You Already Need to Know 100 Things
你已经需要掌握 100 件事
I feel this shift personally, and I feel it constantly. Building VEKTOR as a solo developer means I am a developer, a product manager, a security engineer, a devops engineer, a content writer, a growth person, a customer support function, and a business owner, all at once. AI has made each of those roles individually more accessible and even feasible. It has also made it technically possible to run all of them simultaneously in a way that was not realistic before, via delegation. If you go back in time, I remember we had 5 systems at work: Oracle Unix green screen (it never crashed once), which was fast but needed mental repetition to learn; one database; Outlook; Intranet; then Salesforce came along and 20 other apps bolted on. The result is not fewer tasks. It is more complicated work, spread across more domains and more systems with API’s, M2FA logins with higher stakes at each one. Even humans can’t work this captcha out, agentic bots are going to need a standardized system to traverse the internet without getting blocked. And yes, the biggest brains are working on this problem right now. Solving multiple agentic bot layers with credentialed passports. Whoever thought of this captcha idea above needs to be spanked immediately.
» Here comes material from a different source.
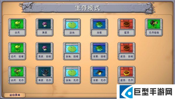 包括白天/黑夜/泳池,迷雾/屋顶的普通和困难关卡,泳池无尽,塔防无尽。
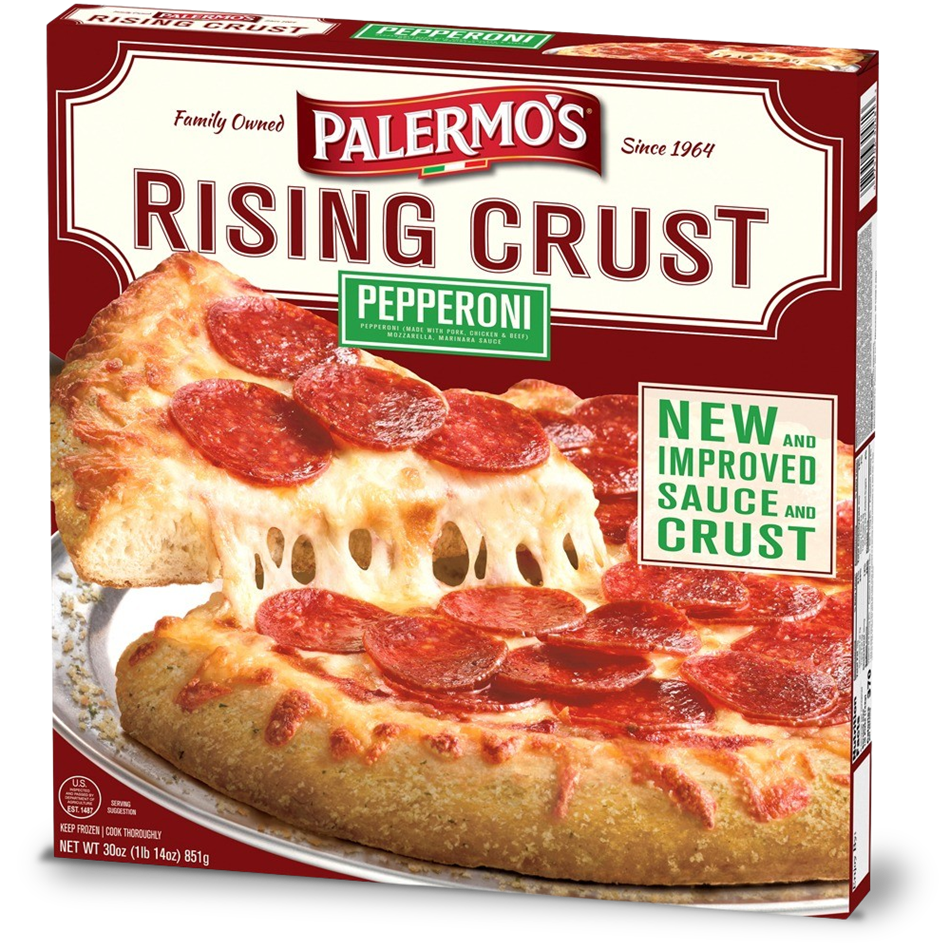INGREDIENTS: CRUST (ENRICHED WHEAT FLOUR [WHEAT FLOUR, NIACIN, REDUCED IRON, THIAMINE MONONITRATE, RIBOFLAVIN, FOLIC ACID], WATER, SOYBEAN OIL, SUGAR, YEAST, CONTAINS 2% OR LESS OF THE FOLLOWING: LEAVENING [SODIUM ALUMINUM PHOSPHATE, SODIUM BICARBONATE],SALT, ENZYME, ASCORBIC ACID, WHEAT STARCH, DEGERMED CORN MEAL, SOY LECITHIN), WHOLE MILK MOZZARELLA CHEESE (PASTEURIZED MILK, CHEESE CULTURES, SALT, ENZYMES), SAUCE (WATER, TOMATOES, SEASONING [SUGAR, SALT, SPICES, ONION POWDER, XANTHAN GUM, GARLIC POWDER]), PEPPERONI MADE WITH PORK, CHICKEN AND BEEF (PORK, MECHANICALLY SEPARATED CHICKEN, BEEF, SALT, SPICES, DEXTROSE, LACTIC ACID STARTER CULTURE, OLEORESIN OF PAPRIKA, SODIUM ASCORBATE, FLAVORING, SODIUM NITRITE, BHA, BHT, CITRIC ACID), CHEESE BLEND (PARMESAN CHEESE [PASTEURIZED MILK, CHEESE CULTURES, SALT, RENNET], ROMANO CHEESE [PASTEURIZED MILK, CHEESE CULTURES, SALT, RENNET], ASIAGO CHEESE [PASTEURIZED MILK, CHEESE CULTURES, SALT, RENNET]). CONTAINS MILK, SOY, WHEAT. CONTAINS BIOENGINEERED FOOD INGREDIENTS.

我个人不断地感受到这种转变。作为一名独立开发者构建 VEKTOR,意味着我同时是开发者、产品经理、安全工程师、DevOps 工程师、内容撰稿人、增长负责人、客户支持和企业主。AI 让这些角色中的每一个都变得更容易上手,甚至变得可行。它还通过委派,在技术上实现了同时运行所有这些角色的可能,这在以前是不现实的。回想过去,我记得我们工作中只有 5 个系统:Oracle Unix 绿屏(从不崩溃),速度快但需要死记硬背才能学会;一个数据库;Outlook;内网;然后 Salesforce 出现了,又附加了 20 个其他应用程序。结果并不是任务变少了,而是工作变得更复杂了,分散在更多的领域和更多的系统中,每个系统都有 API 和高风险的 M2FA 登录。连人类都搞不定这些验证码,智能体机器人将需要一个标准化的系统来遍历互联网而不被拦截。是的,最聪明的大脑现在正在研究这个问题。通过凭证护照来解决多层智能体机器人的问题。无论谁想出上面这个验证码主意,都该被狠狠打屁股。
This week I was mid-session debugging a certbot renewal failure on the VPS when it became clear the issue was a credentials format mismatch between an old apt-installed certbot version and a Cloudflare API token that expected a newer format. The fix required understanding the snap package ecosystem, the certbot renewal hook architecture, and the Cloudflare API token permission model, all at the same time. Claude who handled it flawlessly by logging into the VPS via Vektor Cloak SSH tool.
这周我正在 VPS 上调试 certbot 更新失败的问题,当时很明显,问题在于通过 apt 安装的旧版 certbot 与期望更新格式的 Cloudflare API 令牌之间的凭证格式不匹配。修复它需要同时理解 snap 包生态系统、certbot 更新钩子架构以及 Cloudflare API 令牌权限模型。Claude 通过 Vektor Cloak SSH 工具登录到 VPS,完美地处理了这个问题。